О том, что происходило в последующие минуты, трудно рассказать связно. Вера Григорьевна уставилась в одну точку, кусая губы, тиская пальцы. Бабушка побежала к Митиным родителям. Юные конструкторы говорили каждый свое. Самбо оглядывалась во все стороны и растерянно повторяла:
– Ну зачем же она скрывала!.. Ну, от мамы, от бабушки еще туда-сюда... а от меня? Ну, сказала бы откровенно, и я бы ей ничего не сделала... Я бы, наоборот, даже помогла... И тогда ничего бы не было... и ничего бы не случилось... Зачем она скрывала! – Все это Самбо говорила таким тоном, словно оправдывалась, и вид у нее был такой расстроенный, как будто она чувствовала себя во всем виноватой.
Вернулась бабушка, а с ней пришли супруги Клюквины – Федор Никанорович и Римма Тимофеевна. Худенькая, некрасивая Римма Тимофеевна плакала и сморкалась. Коренастый, с большой лысиной Федор Никанорович, как видно, чувствовал себя неловко.

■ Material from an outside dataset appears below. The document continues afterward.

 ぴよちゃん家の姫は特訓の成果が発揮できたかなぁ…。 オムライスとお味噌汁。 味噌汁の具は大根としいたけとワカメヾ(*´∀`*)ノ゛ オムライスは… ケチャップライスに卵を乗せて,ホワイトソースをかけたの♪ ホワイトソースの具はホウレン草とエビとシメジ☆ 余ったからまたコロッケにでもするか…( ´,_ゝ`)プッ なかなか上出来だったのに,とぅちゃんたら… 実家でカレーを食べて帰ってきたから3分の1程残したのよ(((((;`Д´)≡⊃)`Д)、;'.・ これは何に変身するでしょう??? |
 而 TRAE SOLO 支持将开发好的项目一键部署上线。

Он прижал небритый подбородок к груди, он то закладывал руки за спину, то прятал их в карманы брюк, то совал их в карманы пиджака.

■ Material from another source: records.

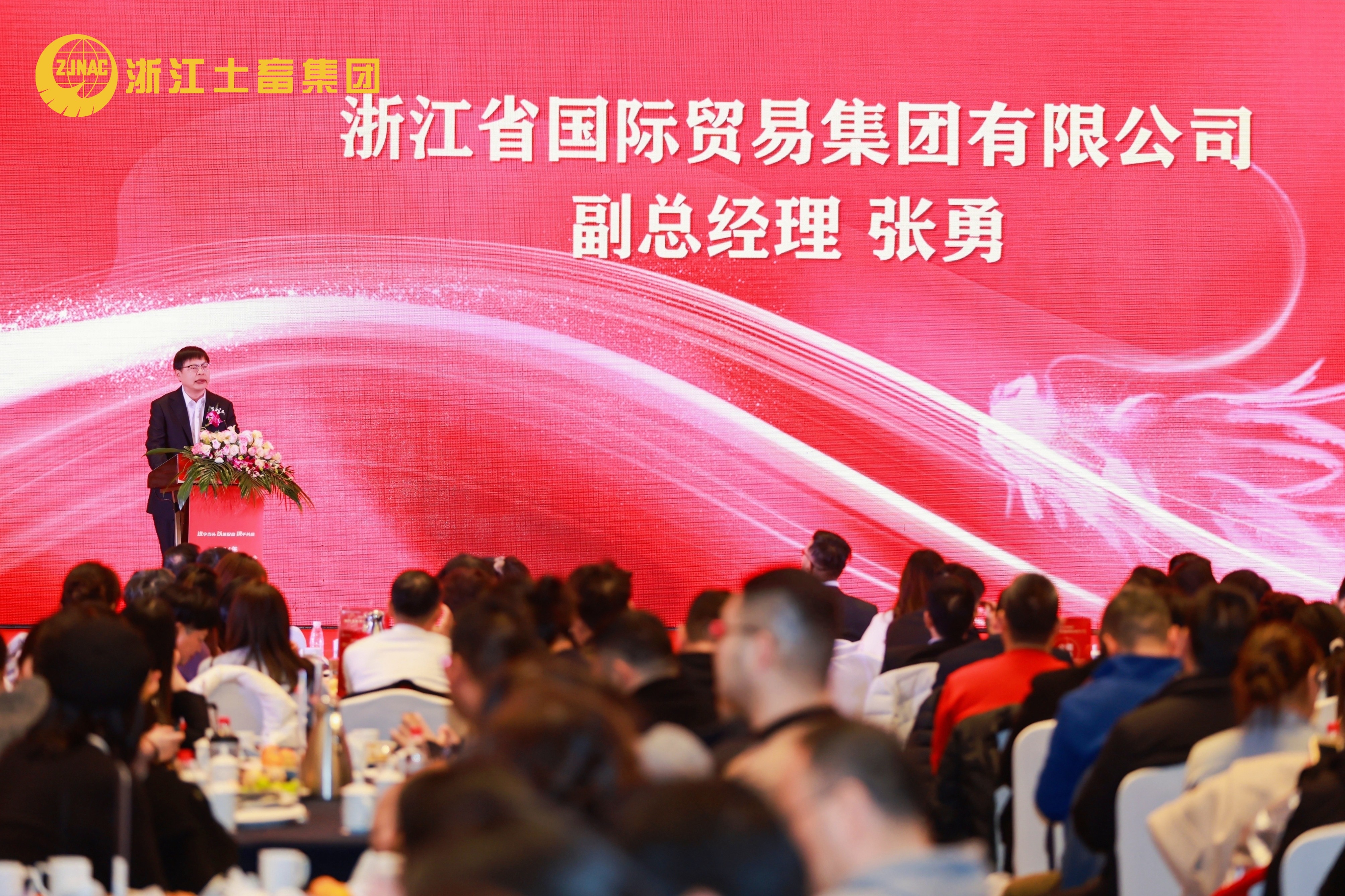 集團(tuán)黨委委員、副總經(jīng)理張勇作重要講話。他指出,集團(tuán)認(rèn)真貫徹黨中央、省委決策部署,全面落實(shí)省委對(duì)集團(tuán)提出的“向‘更高’攀登、向‘更好’挺進(jìn)”要求,主動(dòng)融入中心大局、推動(dòng)發(fā)展穩(wěn)中求進(jìn),堅(jiān)持強(qiáng)化改革創(chuàng)新、持續(xù)深化黨建引領(lǐng),2023年外貿(mào)規(guī)模創(chuàng)7年來新高,獲評(píng)浙江省“十佳外貿(mào)企業(yè)”“穩(wěn)外貿(mào)成績(jī)突出集體”等榮譽(yù)。浙江土畜作為集團(tuán)商貿(mào)板塊旗艦企業(yè),在“穩(wěn)外貿(mào)、優(yōu)結(jié)構(gòu)”的道路上奮勇奔跑,引領(lǐng)商貿(mào)轉(zhuǎn)型。他希望企業(yè)家代表們與浙江國(guó)貿(mào)、浙江土畜乘勢(shì)而上,攜手共創(chuàng)新的輝煌。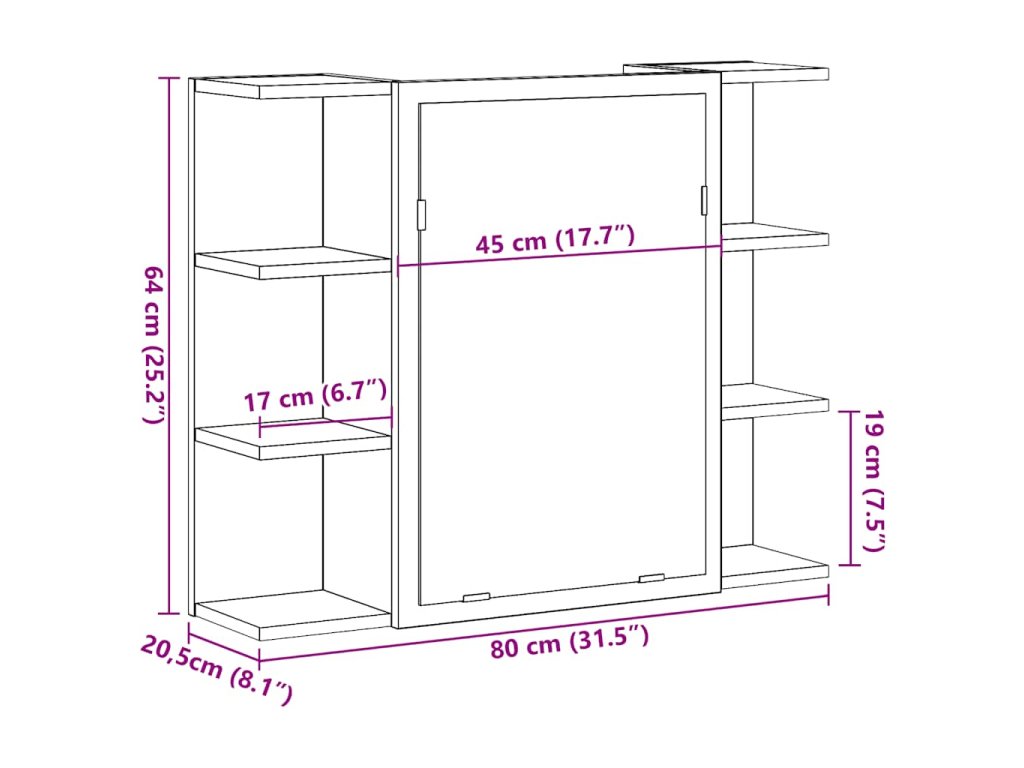 - Rozmery: 80 x 20,5 x 64 cm (Š x H x V)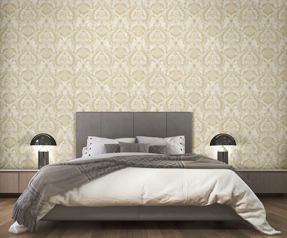 Rollenbreite 1,06 m. Goldbeige Luxus-Vliestapete - halbglänzende beigefarbene Vinyloberfläche, markantes goldenes Barock-Ornamentmuster mit Goldglitter.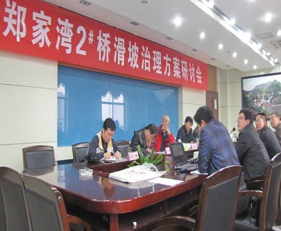 当天上午,与会专家对郑家湾2#桥古滑坡体进行了实地考察,并详细询问了古滑坡体的具体情况。随后在安川分公司召开了研讨会,在听取设计、监测单位工作介绍后,进行了深入讨论,并提出下一步治理措施。一是监测单位应将前两年监测资料汇总、优化,对监测项目位置优化,对监测孔加深、疏通、调整、增加,确保全桥整体纳入观测范围。二是设计单位应进一步对坡面增加深孔地质钻探,获取准确地质资料。三是进一步对滑动面位置、抗滑桩平面位置、桩长、安全系数、计算参数进行优化,并要求在边坡加强扬线排水。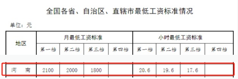 第一档2100元!河南最低工资标准公布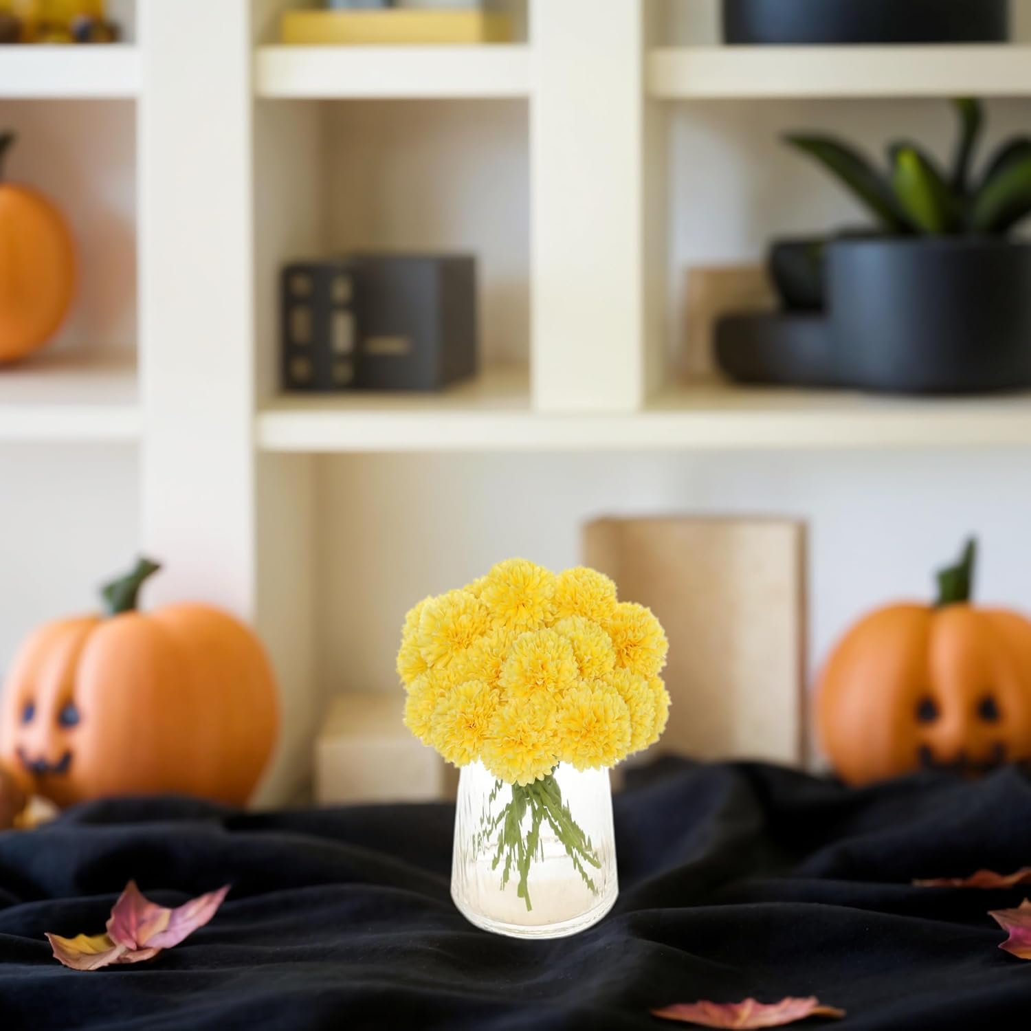 Kimura's Cabin 20Pcs Artificial Mums Flowers Fake Silk Chrysanthemum Balls Flower for Home Decor Easter Table Fall Bouquets Wedding Party DIY Decorations (Yellow)

– Из-за тебя все это, черт жестокий! – сказала, плача, Римма Тимофеевна. – Запугал мальчишку ремнем, вот теперь ищи его!..
– А я что? – смущенно бормотал Митькин отец. – "Ремнем, ремнем"! Как будто я... это... каждый день... Я его уже сколько... это... пальцем не трогал...
Спокойней всех держались Люсин папа да Митрофан Фомич. Учитель стоял у дверного косяка, скрестив руки на груди и задумчиво посматривая маленькими глазками на всех собравшихся в кухне. Михаил Андреевич невозмутимо курил, прислонившись спиной к холодильнику. Однажды они переглянулись между собой, оба сразу заулыбались и тут же отвели друг от друга глаза. Вера Григорьевна заметила это.
– Ты, кажется, смеешься? – сказала она сердито.
Тут Михаил Андреевич и в самом деле рассмеялся: он закрыл лицо пятерней, и плечи его затряслись.
– Верочка! Уверяю тебя, – еле выдавил он, – ты сама будешь хохотать, когда все это кончится. Хочешь, поспорим?